▼
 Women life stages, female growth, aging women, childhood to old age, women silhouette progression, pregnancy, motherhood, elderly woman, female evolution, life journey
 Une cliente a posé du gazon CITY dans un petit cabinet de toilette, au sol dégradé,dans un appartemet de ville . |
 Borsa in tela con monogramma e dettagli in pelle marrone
▲
▼
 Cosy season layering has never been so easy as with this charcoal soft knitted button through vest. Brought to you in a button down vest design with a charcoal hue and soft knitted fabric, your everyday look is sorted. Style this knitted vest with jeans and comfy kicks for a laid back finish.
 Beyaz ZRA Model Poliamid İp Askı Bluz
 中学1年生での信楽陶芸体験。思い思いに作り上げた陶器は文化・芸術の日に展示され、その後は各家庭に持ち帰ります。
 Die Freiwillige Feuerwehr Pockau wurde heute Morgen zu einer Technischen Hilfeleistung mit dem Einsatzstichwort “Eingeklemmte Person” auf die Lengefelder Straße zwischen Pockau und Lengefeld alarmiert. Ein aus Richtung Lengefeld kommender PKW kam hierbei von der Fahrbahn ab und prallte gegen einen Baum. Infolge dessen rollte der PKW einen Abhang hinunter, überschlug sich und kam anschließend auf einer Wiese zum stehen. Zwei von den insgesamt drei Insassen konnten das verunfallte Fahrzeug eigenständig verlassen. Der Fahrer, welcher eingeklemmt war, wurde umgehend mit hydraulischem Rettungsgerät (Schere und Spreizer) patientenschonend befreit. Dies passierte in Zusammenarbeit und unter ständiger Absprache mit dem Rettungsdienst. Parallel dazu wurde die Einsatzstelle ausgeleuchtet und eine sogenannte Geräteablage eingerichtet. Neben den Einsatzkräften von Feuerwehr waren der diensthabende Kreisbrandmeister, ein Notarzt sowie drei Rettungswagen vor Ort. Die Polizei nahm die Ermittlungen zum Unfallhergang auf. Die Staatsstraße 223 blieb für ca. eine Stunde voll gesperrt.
▲
• _WORK REQUEST_: Whatever else the listing above holds, retype exactly only the lines from the one containing "Beyaz ZRA Model Poliamid İp Askı Bluz" to the one containing "中学1年生での信楽陶芸体験。", both ends kept.

• _TASK RESULT_:
 Beyaz ZRA Model Poliamid İp Askı Bluz
 中学1年生での信楽陶芸体験。思い思いに作り上げた陶器は文化・芸術の日に展示され、その後は各家庭に持ち帰ります。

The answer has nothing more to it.